[Records from a data source]
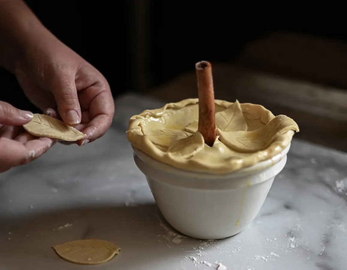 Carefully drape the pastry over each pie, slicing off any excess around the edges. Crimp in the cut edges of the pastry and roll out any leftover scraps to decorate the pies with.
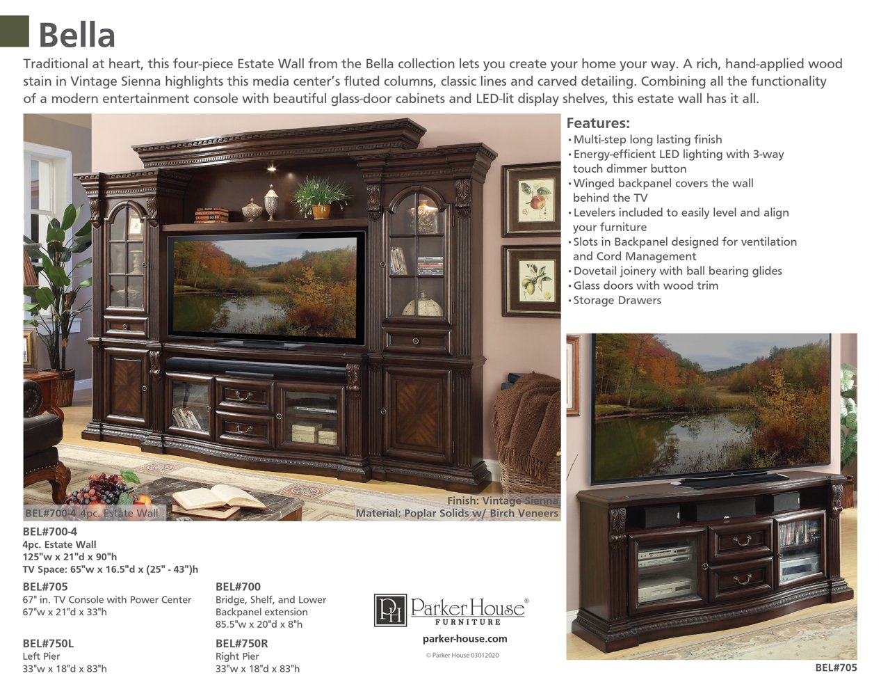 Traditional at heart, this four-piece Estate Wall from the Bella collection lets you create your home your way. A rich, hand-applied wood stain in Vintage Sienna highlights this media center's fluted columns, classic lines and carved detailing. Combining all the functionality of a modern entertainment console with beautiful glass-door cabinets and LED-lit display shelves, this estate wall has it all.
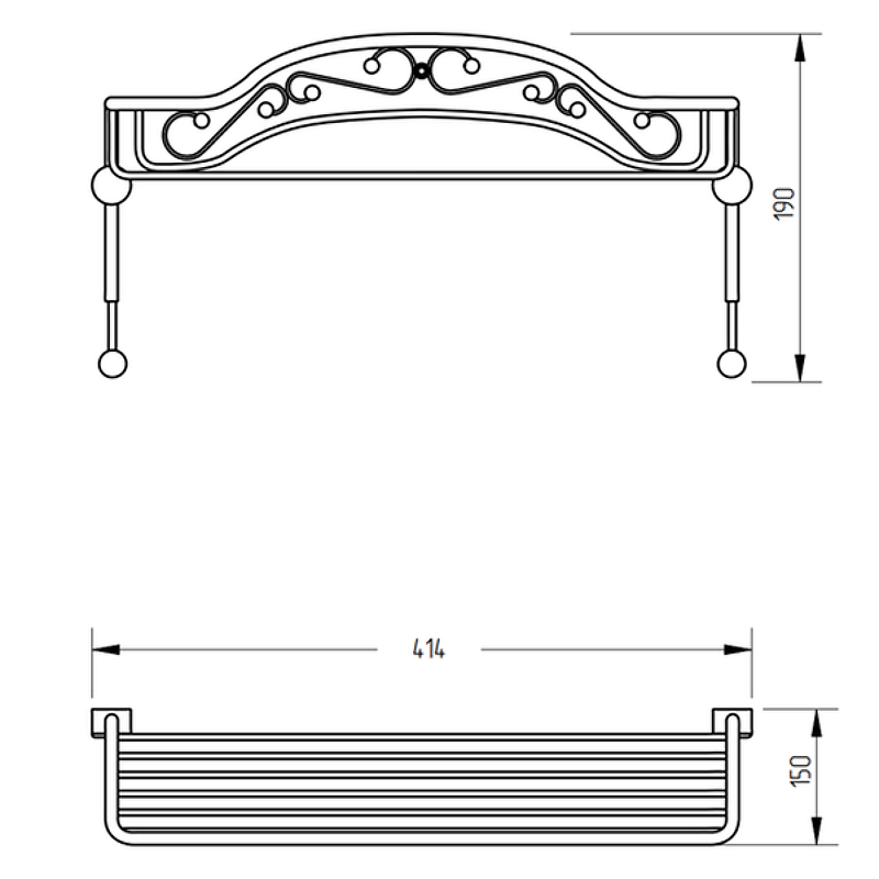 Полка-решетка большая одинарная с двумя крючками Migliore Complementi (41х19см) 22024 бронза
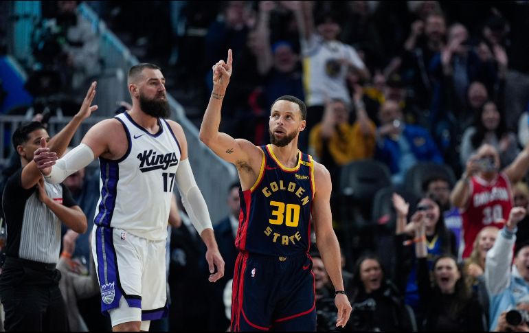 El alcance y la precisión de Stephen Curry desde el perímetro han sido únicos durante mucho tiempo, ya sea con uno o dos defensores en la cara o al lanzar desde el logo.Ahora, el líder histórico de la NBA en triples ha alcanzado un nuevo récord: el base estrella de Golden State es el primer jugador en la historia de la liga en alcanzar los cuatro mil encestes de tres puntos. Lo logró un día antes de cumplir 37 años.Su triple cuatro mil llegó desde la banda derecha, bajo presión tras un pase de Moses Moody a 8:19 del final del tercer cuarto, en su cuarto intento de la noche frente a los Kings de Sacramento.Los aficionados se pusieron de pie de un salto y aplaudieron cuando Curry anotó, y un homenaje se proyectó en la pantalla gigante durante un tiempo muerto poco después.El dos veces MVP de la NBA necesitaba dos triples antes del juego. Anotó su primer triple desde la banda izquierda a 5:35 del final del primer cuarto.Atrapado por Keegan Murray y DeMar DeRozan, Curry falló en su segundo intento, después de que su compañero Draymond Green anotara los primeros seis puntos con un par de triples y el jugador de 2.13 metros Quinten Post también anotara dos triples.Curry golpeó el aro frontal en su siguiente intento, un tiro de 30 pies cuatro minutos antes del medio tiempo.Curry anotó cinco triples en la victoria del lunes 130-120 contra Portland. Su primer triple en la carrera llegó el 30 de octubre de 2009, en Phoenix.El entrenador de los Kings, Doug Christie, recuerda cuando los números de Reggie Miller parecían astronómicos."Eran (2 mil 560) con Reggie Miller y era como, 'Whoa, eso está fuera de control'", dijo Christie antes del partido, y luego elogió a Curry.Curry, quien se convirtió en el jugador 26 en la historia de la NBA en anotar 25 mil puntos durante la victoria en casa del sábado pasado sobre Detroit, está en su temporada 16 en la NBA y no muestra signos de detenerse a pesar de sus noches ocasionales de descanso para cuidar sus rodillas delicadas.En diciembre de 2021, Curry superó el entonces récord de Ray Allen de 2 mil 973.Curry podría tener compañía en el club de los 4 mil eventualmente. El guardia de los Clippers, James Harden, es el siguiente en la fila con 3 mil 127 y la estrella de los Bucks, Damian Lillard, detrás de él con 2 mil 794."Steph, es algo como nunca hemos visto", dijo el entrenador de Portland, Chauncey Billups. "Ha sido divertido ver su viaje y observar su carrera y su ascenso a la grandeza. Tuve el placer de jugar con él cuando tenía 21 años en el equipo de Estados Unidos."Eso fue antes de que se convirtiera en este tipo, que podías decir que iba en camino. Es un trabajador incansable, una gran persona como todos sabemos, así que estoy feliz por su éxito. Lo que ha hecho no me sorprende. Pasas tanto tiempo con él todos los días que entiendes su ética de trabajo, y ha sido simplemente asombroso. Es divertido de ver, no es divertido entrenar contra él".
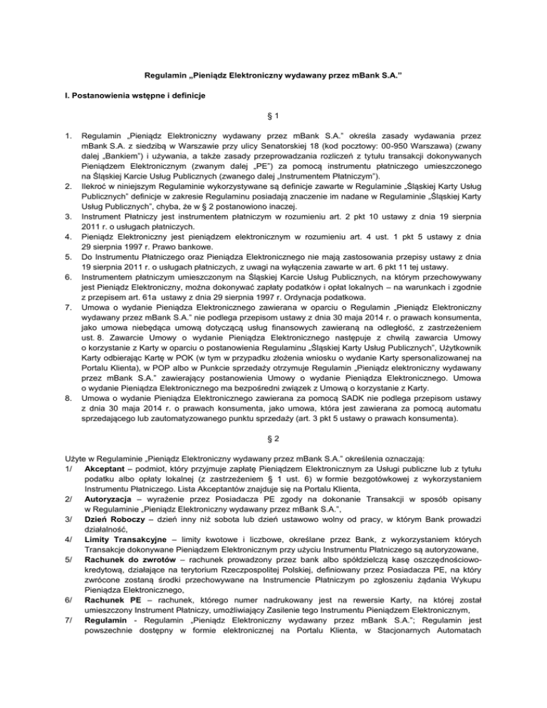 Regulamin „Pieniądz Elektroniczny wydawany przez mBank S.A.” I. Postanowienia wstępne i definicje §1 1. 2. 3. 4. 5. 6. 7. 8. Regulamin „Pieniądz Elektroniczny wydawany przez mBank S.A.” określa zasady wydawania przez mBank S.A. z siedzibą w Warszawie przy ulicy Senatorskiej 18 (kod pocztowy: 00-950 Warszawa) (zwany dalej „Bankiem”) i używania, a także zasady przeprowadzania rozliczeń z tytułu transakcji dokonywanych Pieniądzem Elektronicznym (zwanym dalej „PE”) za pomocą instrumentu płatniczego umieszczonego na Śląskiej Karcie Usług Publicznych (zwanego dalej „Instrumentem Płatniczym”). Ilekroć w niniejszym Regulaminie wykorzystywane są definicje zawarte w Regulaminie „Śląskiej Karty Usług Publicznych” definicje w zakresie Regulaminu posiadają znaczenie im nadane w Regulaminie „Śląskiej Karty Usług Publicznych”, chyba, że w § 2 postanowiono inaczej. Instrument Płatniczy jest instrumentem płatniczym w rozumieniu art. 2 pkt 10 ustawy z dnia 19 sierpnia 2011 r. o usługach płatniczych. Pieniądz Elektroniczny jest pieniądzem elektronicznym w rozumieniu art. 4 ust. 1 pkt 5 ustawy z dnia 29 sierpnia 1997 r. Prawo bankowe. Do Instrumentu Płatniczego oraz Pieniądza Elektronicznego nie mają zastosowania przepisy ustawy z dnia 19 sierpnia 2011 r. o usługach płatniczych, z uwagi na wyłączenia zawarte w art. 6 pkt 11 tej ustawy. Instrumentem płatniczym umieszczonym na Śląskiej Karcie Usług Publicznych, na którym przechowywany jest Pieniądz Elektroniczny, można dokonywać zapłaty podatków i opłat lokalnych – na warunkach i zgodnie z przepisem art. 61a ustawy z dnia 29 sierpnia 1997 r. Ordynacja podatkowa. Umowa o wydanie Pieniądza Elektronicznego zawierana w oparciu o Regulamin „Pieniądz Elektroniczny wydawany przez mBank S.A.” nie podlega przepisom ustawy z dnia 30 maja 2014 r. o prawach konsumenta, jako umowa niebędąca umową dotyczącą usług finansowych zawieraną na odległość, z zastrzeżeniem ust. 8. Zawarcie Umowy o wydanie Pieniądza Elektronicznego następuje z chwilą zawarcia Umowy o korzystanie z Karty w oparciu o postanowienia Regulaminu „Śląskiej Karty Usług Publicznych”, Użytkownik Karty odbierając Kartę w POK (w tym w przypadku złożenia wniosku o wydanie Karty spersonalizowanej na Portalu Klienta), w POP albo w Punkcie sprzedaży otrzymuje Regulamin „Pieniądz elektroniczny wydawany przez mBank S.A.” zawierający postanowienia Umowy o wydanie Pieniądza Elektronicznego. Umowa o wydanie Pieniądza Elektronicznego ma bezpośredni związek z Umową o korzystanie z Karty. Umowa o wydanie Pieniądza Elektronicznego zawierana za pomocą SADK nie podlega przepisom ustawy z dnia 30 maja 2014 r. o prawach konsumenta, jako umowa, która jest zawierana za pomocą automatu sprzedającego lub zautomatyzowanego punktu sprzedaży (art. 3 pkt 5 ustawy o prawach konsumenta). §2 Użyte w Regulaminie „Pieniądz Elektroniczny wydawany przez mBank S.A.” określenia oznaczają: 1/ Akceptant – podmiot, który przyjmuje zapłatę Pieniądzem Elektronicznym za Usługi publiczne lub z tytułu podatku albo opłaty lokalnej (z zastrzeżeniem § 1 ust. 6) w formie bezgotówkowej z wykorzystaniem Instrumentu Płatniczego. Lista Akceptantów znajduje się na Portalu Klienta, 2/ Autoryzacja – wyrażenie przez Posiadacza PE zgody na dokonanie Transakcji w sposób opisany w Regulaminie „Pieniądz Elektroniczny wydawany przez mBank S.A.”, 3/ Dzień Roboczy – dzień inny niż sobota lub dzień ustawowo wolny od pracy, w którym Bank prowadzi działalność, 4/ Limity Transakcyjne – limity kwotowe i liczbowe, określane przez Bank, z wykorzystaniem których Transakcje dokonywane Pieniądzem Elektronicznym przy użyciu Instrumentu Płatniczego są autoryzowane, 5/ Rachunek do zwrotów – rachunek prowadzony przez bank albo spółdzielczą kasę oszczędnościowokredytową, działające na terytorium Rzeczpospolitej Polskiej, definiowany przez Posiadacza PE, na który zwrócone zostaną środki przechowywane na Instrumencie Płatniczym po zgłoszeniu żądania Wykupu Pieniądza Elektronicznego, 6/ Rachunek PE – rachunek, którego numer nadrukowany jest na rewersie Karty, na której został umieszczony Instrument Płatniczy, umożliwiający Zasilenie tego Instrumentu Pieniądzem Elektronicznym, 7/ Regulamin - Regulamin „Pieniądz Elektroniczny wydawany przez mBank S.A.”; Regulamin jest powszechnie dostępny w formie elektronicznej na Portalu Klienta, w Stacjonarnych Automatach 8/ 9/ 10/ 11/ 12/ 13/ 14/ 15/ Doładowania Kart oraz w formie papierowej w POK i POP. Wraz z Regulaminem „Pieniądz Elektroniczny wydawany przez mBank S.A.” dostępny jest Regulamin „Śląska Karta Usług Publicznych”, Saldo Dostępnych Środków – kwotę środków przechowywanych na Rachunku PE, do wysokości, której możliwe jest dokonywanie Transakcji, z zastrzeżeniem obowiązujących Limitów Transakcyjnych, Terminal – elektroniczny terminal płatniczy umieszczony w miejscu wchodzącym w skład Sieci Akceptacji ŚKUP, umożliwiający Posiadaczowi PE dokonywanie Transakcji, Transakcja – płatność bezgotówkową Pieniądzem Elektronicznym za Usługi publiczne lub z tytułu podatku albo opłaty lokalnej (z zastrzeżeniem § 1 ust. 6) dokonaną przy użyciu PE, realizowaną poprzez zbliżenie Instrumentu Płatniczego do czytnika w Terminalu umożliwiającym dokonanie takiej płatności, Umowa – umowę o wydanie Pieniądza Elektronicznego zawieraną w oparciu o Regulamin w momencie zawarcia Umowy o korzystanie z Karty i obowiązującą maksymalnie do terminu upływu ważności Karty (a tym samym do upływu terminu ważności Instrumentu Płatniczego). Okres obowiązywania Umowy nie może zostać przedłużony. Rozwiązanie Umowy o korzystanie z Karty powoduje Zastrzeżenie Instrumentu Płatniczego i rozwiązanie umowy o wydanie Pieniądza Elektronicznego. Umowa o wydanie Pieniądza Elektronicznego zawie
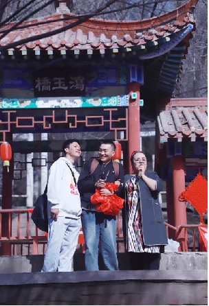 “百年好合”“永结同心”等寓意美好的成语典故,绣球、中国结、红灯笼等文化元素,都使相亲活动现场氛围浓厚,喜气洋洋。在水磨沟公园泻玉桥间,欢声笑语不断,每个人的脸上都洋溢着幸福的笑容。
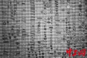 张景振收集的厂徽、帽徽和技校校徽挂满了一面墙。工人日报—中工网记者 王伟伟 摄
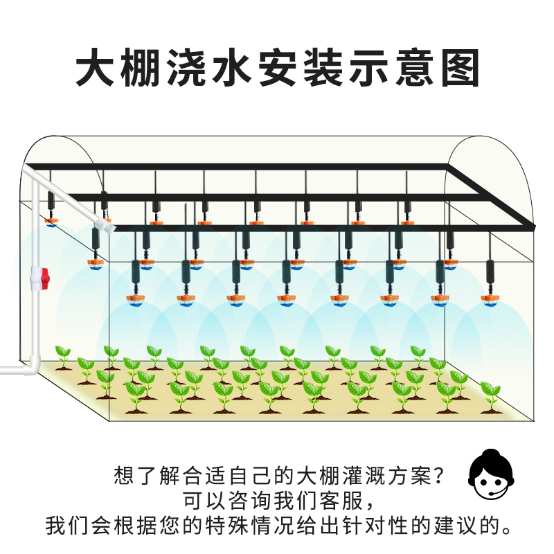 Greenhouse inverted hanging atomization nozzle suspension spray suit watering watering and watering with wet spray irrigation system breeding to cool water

**TASK TO COMPLETE:** Each line from the start of the entries above through the line with "Полка-решетка большая одинарная" should be duplicated exactly, leaving out the pictures.

**WRITTEN SOLUTION:**
 Carefully drape the pastry over each pie, slicing off any excess around the edges. Crimp in the cut edges of the pastry and roll out any leftover scraps to decorate the pies with.
 Traditional at heart, this four-piece Estate Wall from the Bella collection lets you create your home your way. A rich, hand-applied wood stain in Vintage Sienna highlights this media center's fluted columns, classic lines and carved detailing. Combining all the functionality of a modern entertainment console with beautiful glass-door cabinets and LED-lit display shelves, this estate wall has it all.
 Полка-решетка большая одинарная с двумя крючками Migliore Complementi (41х19см) 22024 бронза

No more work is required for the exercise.